2. The method of claim 1, wherein the genes encoding D-mandelate dehydrogenase, phenylalanine-4-hydroxylase and 4-hydroxyphenylacetic acid 3-hydroxylase further comprise:

(1) DNA molecules respectively shown in a sequence table SEQ ID NO.1, a sequence table SEQ ID NO.2 and a sequence table SEQ ID NO. 3; and/or;

(2) a DNA molecule which hybridizes to the DNA molecule of (1) under stringent conditions and encodes the D-mandelate dehydrogenase, phenylalanine-4-hydroxylase and 4-hydroxyphenylacetate 3-hydroxylase of claim 1; and/or;

(3) a DNA molecule having a homology of 80% or more with the DNA molecule of (1) or (2) and encoding D-mandelate dehydrogenase, phenylalanine-4-hydroxylase and 4-hydroxyphenylacetic acid 3-hydroxylase of claim 1.

3. The method of claim 1, wherein the genes encoding D-mandelate dehydrogenase, phenylalanine-4-hydroxylase and 4-hydroxyphenylacetic acid 3-hydroxylase are derived from: thermophilic bacteria Thermococcus barophilus, Thermomonospora curvata and Sulfobacillus acidophilus.

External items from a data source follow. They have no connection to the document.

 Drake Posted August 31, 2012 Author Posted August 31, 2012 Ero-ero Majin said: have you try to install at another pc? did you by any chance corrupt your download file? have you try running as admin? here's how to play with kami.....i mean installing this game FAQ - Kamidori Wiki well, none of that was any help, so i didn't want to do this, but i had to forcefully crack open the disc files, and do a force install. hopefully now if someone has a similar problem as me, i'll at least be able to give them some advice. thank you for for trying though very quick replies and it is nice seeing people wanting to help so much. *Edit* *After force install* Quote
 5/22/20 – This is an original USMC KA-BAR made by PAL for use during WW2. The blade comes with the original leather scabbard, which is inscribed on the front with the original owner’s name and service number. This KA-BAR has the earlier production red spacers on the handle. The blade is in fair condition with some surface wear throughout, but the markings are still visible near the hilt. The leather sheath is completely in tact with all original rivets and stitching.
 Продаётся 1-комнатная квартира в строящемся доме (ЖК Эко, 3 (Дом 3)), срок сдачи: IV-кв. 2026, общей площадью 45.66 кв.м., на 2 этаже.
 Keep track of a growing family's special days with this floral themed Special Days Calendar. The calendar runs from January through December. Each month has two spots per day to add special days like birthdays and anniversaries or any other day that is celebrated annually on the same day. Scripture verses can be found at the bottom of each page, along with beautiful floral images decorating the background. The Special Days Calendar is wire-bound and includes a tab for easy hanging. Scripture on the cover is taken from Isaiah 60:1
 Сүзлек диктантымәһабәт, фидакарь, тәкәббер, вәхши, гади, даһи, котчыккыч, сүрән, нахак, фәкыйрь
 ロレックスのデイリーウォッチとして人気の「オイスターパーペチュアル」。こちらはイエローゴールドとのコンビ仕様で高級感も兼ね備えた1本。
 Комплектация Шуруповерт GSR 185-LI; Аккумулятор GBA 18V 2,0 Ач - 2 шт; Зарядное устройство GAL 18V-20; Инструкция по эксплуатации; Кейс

4. The method of claim 1, wherein the D-mandelate dehydrogenase, phenylalanine-4-hydroxylase and 4-hydroxyphenylacetic acid 3-hydroxylase gene sequences of E.coli strain DH5 α are selected in step one, primers are designed and cloned.

5. The method of claim 1, wherein the strain Escherichia coli BL21(DE3) is selected as the host strain for protein expression in step one.